PEC filed with the Public Service Commission of South Carolina (SCPSC)
seeking permission to defer expenses incurred from the first quarter 2004
winter storm. The SCPSC approved PEC's request to defer the costs and
amortize them over five years beginning in January 2005. Approximately $10
million related to storm costs incurred during the quarter was deferred.

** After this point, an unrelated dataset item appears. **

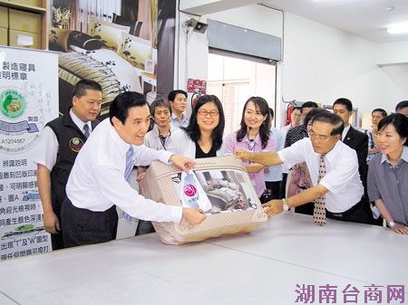 马英九参与亿进寝具棉被的制作流程后,与“陆委会”主委赖幸媛,亲自将代表台湾制造的MIT标志贴上。图片来源:台湾《中国时报》 中新网5月6日电 据台湾《中国时报》报道,针对签订两岸经济合作框架协议(ECFA)一事,马英九昨天亲自与四十五位台湾传统产业代表面对面沟通。
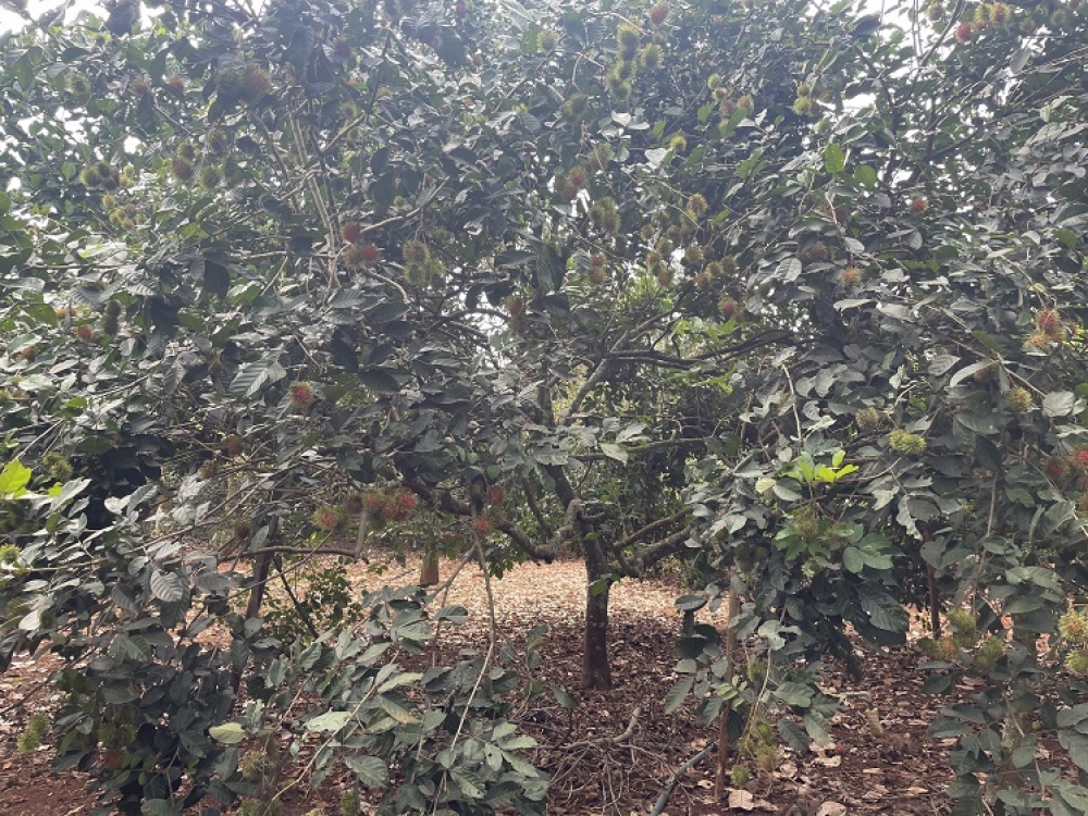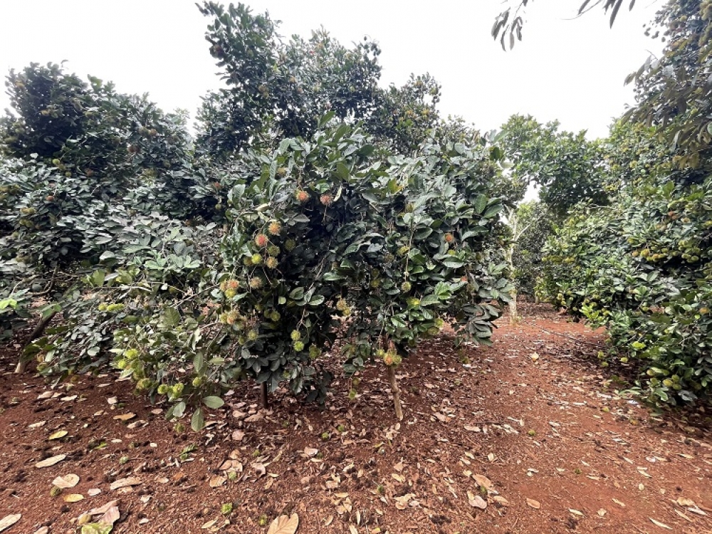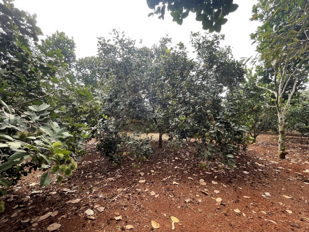 Diện tích 80m x 105m2. Đất trồng chôm chôm, sầu riêng, măng cụt, bưởi

During the first quarter of 2004, PEC filed with the NCUC and obtained
approval from the SCPSC for a depreciation study which allowed the utility
to reduce the rates used to calculate depreciation expense. As a result,
depreciation expense decreased $7 million compared to the prior year
quarter.

On April 29, 2004, PEF, the Office of Public Counsel and the Florida
Industrial Power Users Group executed a Stipulation and Settlement that,
upon approval by the Florida Public Service Commission (FPSC), will resolve
the issue currently pending before the FPSC regarding the costs PEF will be
allowed to recover through its Fuel and Purchased Power Cost Recovery
clause in 2004 and beyond for waterborne coal deliveries by the Company's
affiliated coal supplier, Progress Fuels Corporation. The settlement sets
fixed per ton prices based on point of origin for all waterborne coal
deliveries in 2004, and establishes a market-based pricing methodology for
determining recoverable waterborne coal transportation costs through a
competitive solicitation process or market price proxies beginning in 2005
and thereafter. The settlement will reduce the amount that PEF will charge
to the Fuel and Purchased Power Cost Recovery clause for waterborne
transportation by approximately $13 million beginning in 2004. Also on
April 29, 2004, the parties filed a joint request with the FPSC for
approval of the Stipulation and Settlement, which the FPSC is expected to
act upon prior to the commencement of a hearing on the waterborne
transportation issues scheduled for June 10, 2004.

B. Regional Transmission Organizations

In 2000, the Federal Energy Regulatory Commission (FERC) issued Order 2000
regarding regional transmission organizations (RTOs). This Order set
minimum characteristics and functions that RTOs must meet, including
independent transmission service. In July 2002, the FERC issued its Notice
of Proposed Rulemaking in Docket No. RM01-12-000, Remedying Undue
Discrimination through Open Access Transmission Service and Standard
Electricity Market Design (SMD NOPR). If adopted as proposed, the rules set

12



forth in the SMD NOPR would materially alter the manner in which
transmission and generation services are provided and paid for. In April
2003, the FERC released a White Paper on the Wholesale Market Platform. The
White Paper provides an overview of what the FERC currently intends to
include in a final rule in the SMD NOPR docket. The White Paper retains the
fundamental and most protested aspects of SMD NOPR, including mandatory
RTOs and the FERC's assertion of jurisdiction over certain aspects of
retail service. The FERC has not yet issued a final rule on SMD NOPR. The
Company cannot predict the outcome of these matters or the effect that they
may have on the GridSouth and GridFlorida proceedings currently ongoing
before the FERC. It is unknown what impact the future proceedings will have
on the Company's earnings, revenues or prices.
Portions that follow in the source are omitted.